▸ EXERCISE PROMPT
Your answer should consist solely of the lines from the one holding "Mikasa Wine Goblets" through the final line of the entries, reproduced exactly and without pictures.

▸ Collected data
+ + + +

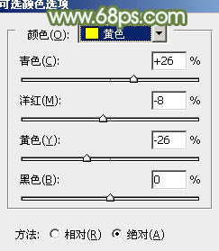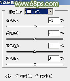 7、创建可选颜色调整图层,对黄、绿、白进行调整,参数设置如图17 - 19,效果如图20。这一步主要把图片中的绿色调淡。
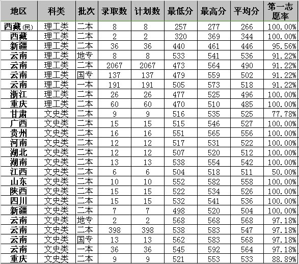 楚雄師范學(xué)院近三年省內(nèi)分專
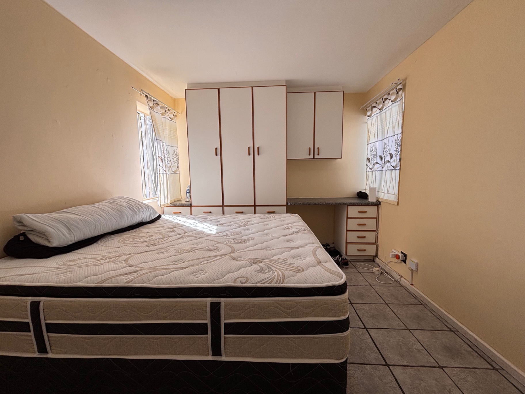 The bedroom is quite spacious, with a plethora of built-in cupboards, while the bathroom is neat, featuring a bath. The unit includes one designated parking bay within a gated complex, ensuring convenience and peace of mind.
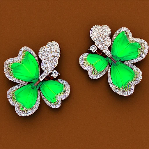 full display of baroque style jewelry design, a pair of earrings, green gemstones with different saturation winged butterflies and four-leaf clover shaped diamonds, roses sharp, highly detailed vray render, flash, high quality, 10 k
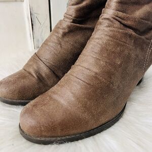 Baretraps Rikita Brown Vegan Leather Side Buckled Low Heel Booties - Size 8.5M
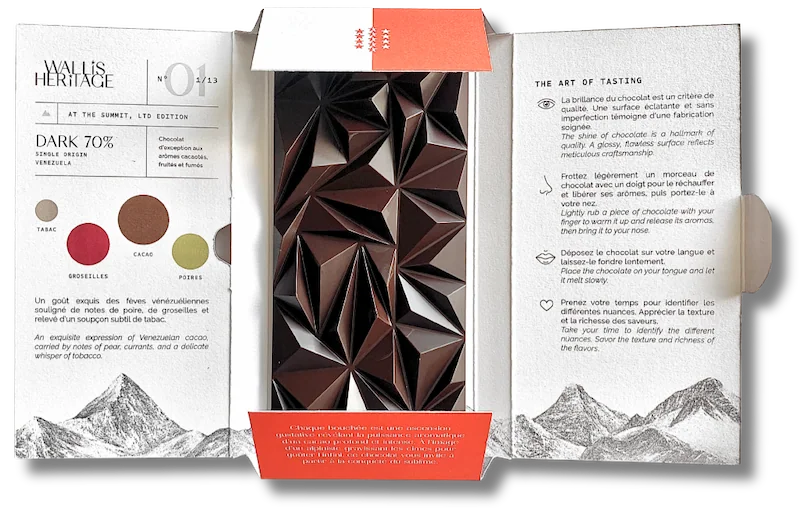 A l’image d’un alpiniste gravissant les cimes pour goûter l’infini, ce chocolat vous invite à partir à la conquête du sublime.
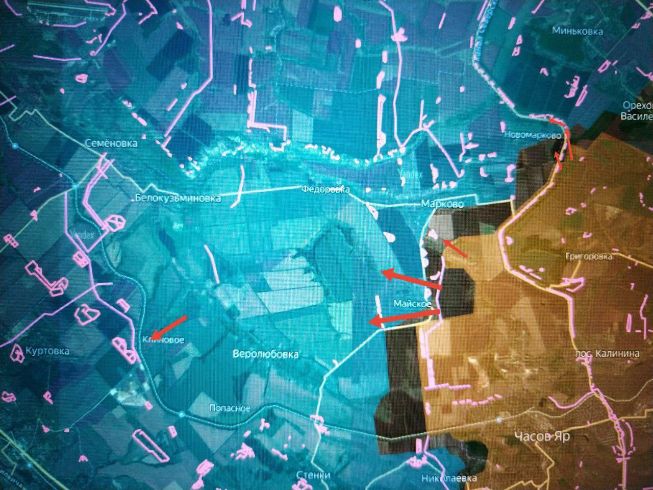 Về phía đông, quân đội Nga đang đẩy mạnh phòng thủ của lực lượng Kiev về phía tây bắc Chasov Yar, ngoại ô Verolyubovka, đánh bật quân địch khỏi Maysky, tiến đến Markovo và đánh bật lực lượng Kiev ở phía đông Novomarkovo dọc theo kênh đào, đột phá và vượt qua các ổ kháng cự. Klinovoye đã được chiếm bằng cách đánh bọc sườn Verolyubovka.
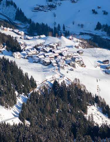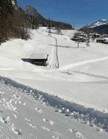 Im Gebiet Säga zweigst Du rechts ab und folgst der pinken Wegbeschilderung talwärts. Der präparierte Winterwanderweg führt durch leichte Waldabschnitte und an Maisäßen vorbei und du erreichst dann nach einiger Zeit die Ausstiegsstelle Stelzer. B
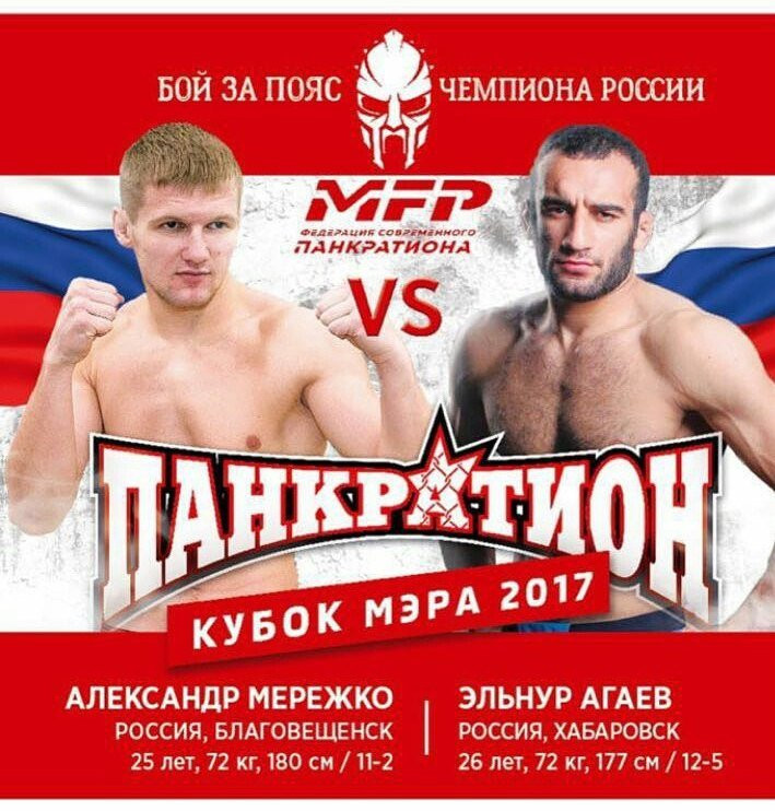 Спортсмен амурской Федерации смешанных боевых единоборств Александр Мережко будет драться за титул чемпиона России по панкратиону. Турнир пройдет в Хабаровске на «Платинум арене» 13 мая. Соперником амурчанина станет опытный боец Эльнур Агаев.
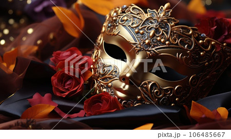 Venetian carnival mask and beaded jewelry on a woman, close-up. Von Mardi Gras. Venice Carnival
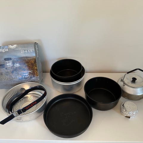Primus Trangia retkikeitin täydellä kaasupatruunalla. Sopii ulkoiluun ja retkeilyyn ja tarjoaa käytännöllisen ratkaisun ruoanlaittoon ulkona.
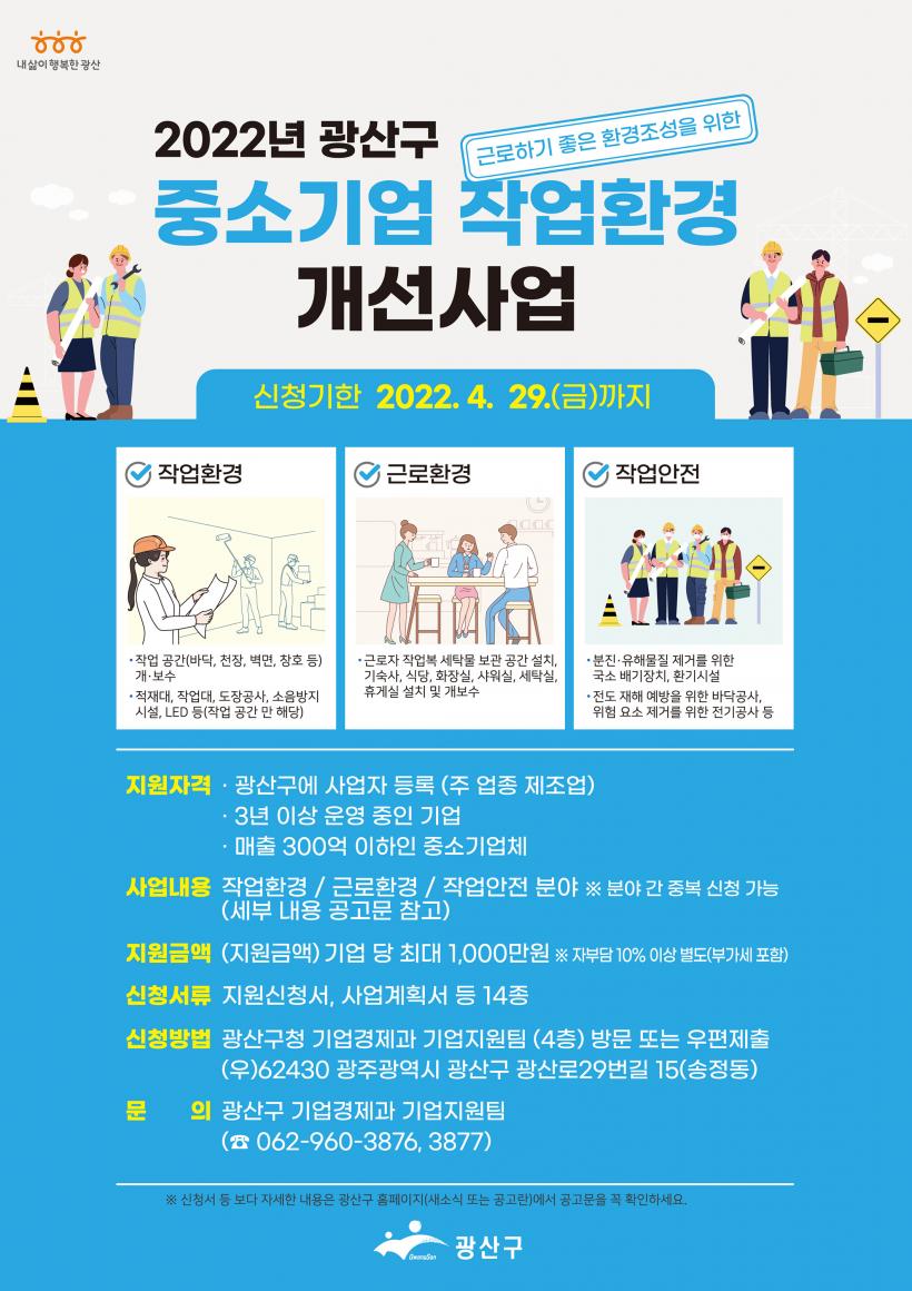 [°ø°£´º½º = ±è´ë¿µ±âÀÚ] ±¤ÁÖ ±¤»ê±¸°¡ ¿À´Â 4¿ù29ÀϱîÁö ¡®2022³â ±¤»ê±¸ Áß¼Ò±â¾÷ÀÛ¾÷ȯ°æ °³¼±»ç¾÷¡¯¿¡ Âü¿©ÇÒ ±â¾÷À» ¸ðÁýÇÑ´Ù.
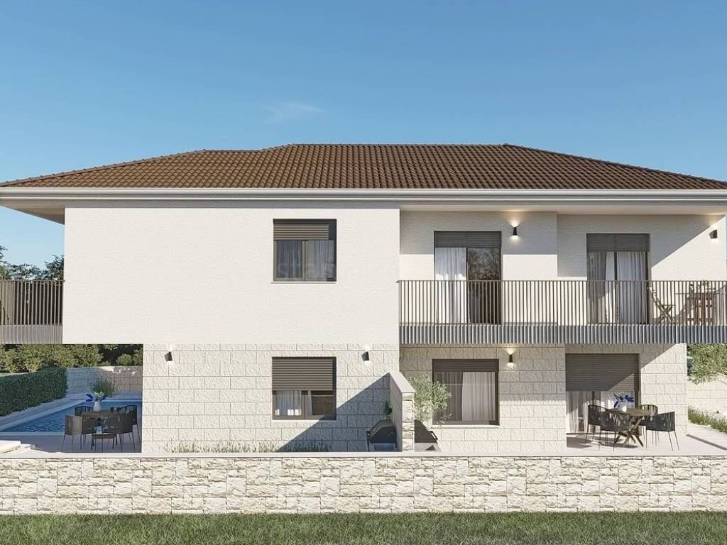 Okućnica površine 150 m2 četvornih metara dodatno obogaćuje ovu nekretninu. Uređena je s posebnom pažnjom i sadrži bazen veličine 21 četvorni metar s elektrolizom, dizalicom topline i sunčalištem. Također u sklopu okućnice smješten je i vanjski kameni tuš KORTA Design te prostor za ugradnju vanjske kuhinje s izvedenim dovodom hladne i tople vode, odvodom, strujom i rasvjetom. U gradnji su korišteni kvalitetni materijali, uključujući kamene ogradne zidove te kamene detalje na fasadi i oko kuće, čime je dodatno naglašen suvremeni mediteranski stil.
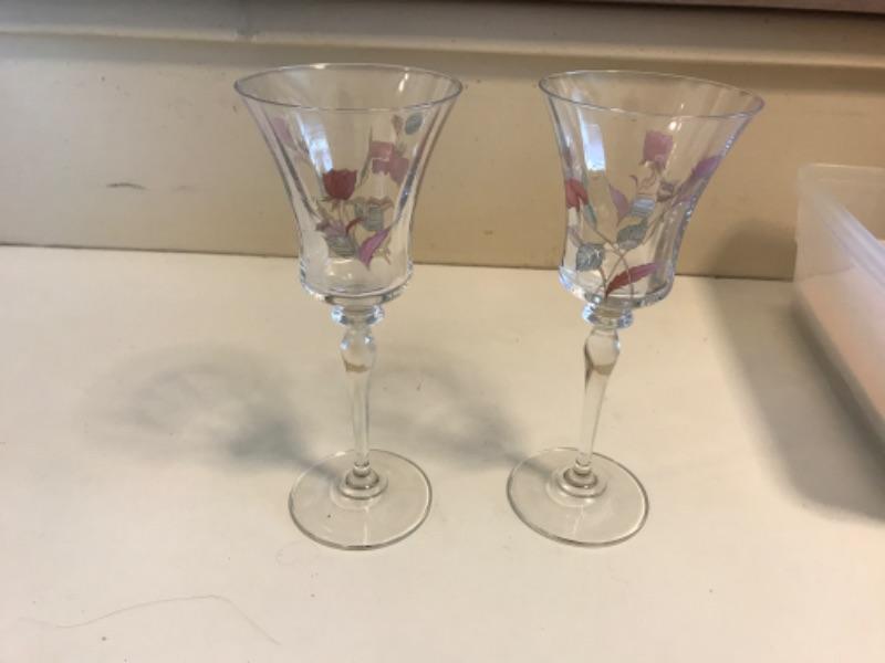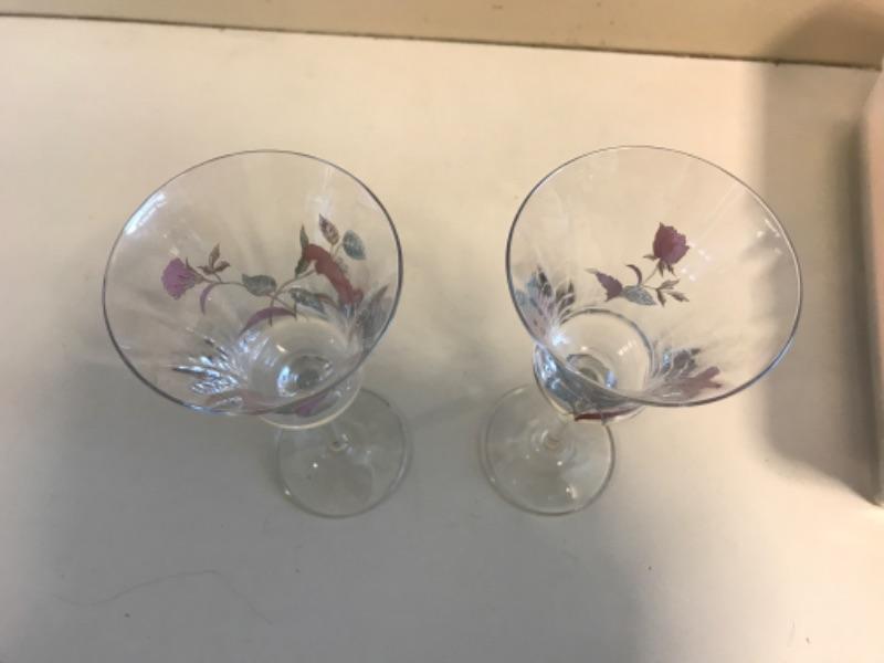 Mikasa Wine Goblets Stemware, painted flowers pink purple
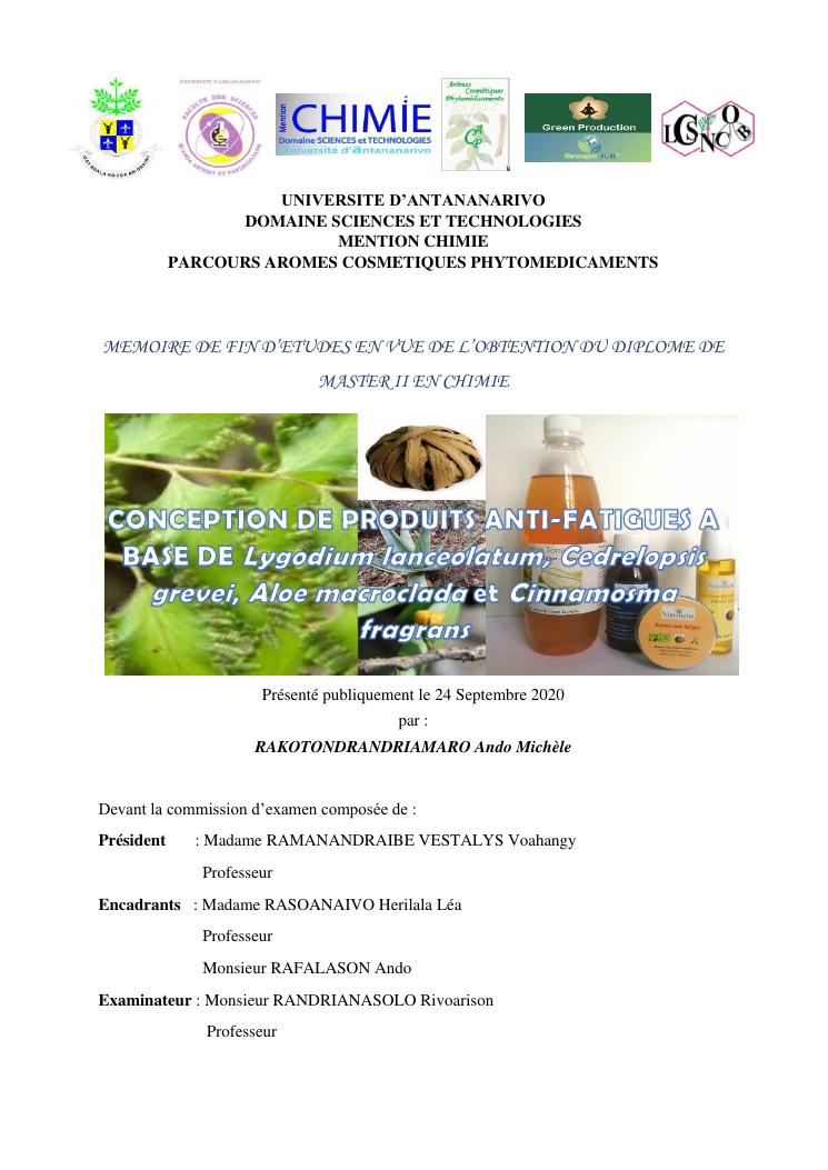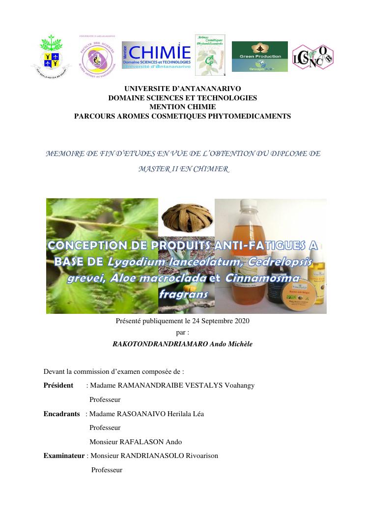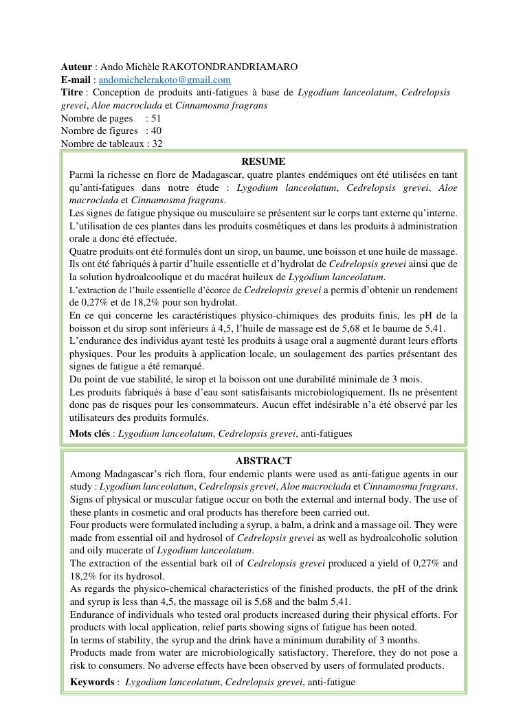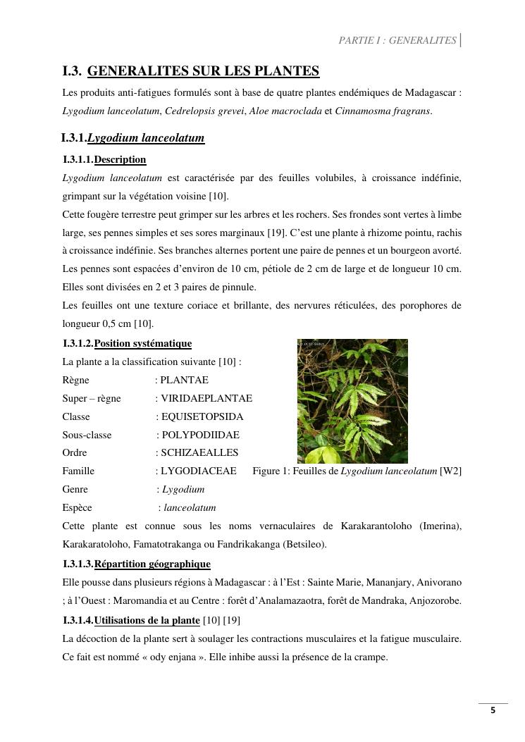 conception de produits anti-fatigues à base de lygodium lanceolatum, cedrelopsis grevei, aloe macroclada et cinnamosma fragrans

+ + + +

▸ FINISHED EXERCISE
 Mikasa Wine Goblets Stemware, painted flowers pink purple
 conception de produits anti-fatigues à base de lygodium lanceolatum, cedrelopsis grevei, aloe macroclada et cinnamosma fragrans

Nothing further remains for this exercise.